* **Problem to work on**: For this task, copy all of the data below exactly and skip the pictures.

* **Information shown**:
+---+
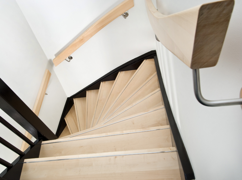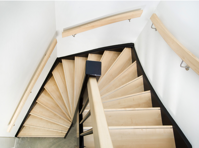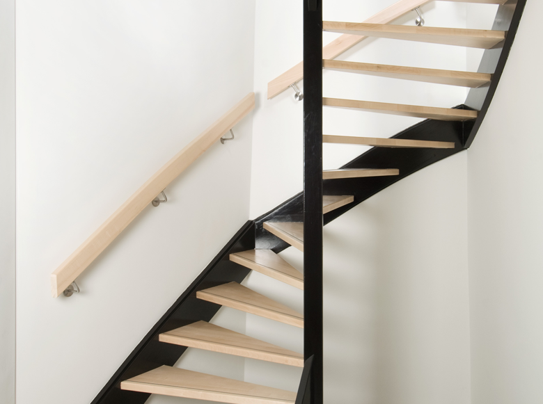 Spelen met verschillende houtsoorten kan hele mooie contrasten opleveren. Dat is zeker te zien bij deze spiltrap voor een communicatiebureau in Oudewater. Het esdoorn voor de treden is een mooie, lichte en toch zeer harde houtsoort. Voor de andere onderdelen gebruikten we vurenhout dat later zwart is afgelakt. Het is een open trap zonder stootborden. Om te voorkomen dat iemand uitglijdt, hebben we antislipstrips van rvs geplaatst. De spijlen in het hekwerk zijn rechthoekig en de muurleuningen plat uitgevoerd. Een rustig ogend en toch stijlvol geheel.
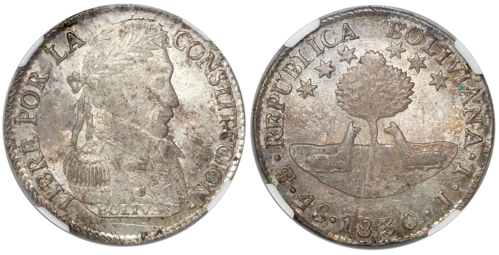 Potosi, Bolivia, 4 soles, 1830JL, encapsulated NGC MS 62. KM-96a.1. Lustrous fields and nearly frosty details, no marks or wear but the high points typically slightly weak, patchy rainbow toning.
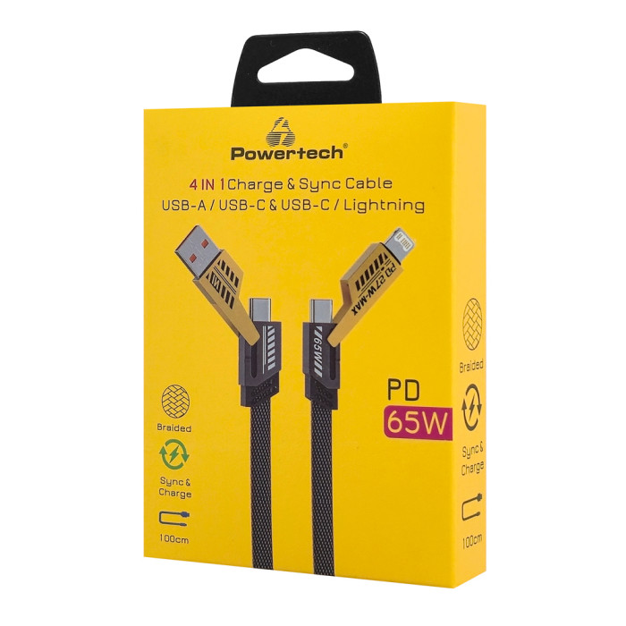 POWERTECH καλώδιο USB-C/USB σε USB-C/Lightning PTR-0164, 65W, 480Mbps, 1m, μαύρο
+---+
* **Output for this exercise**:
 Spelen met verschillende houtsoorten kan hele mooie contrasten opleveren. Dat is zeker te zien bij deze spiltrap voor een communicatiebureau in Oudewater. Het esdoorn voor de treden is een mooie, lichte en toch zeer harde houtsoort. Voor de andere onderdelen gebruikten we vurenhout dat later zwart is afgelakt. Het is een open trap zonder stootborden. Om te voorkomen dat iemand uitglijdt, hebben we antislipstrips van rvs geplaatst. De spijlen in het hekwerk zijn rechthoekig en de muurleuningen plat uitgevoerd. Een rustig ogend en toch stijlvol geheel.
 Potosi, Bolivia, 4 soles, 1830JL, encapsulated NGC MS 62. KM-96a.1. Lustrous fields and nearly frosty details, no marks or wear but the high points typically slightly weak, patchy rainbow toning.
 POWERTECH καλώδιο USB-C/USB σε USB-C/Lightning PTR-0164, 65W, 480Mbps, 1m, μαύρο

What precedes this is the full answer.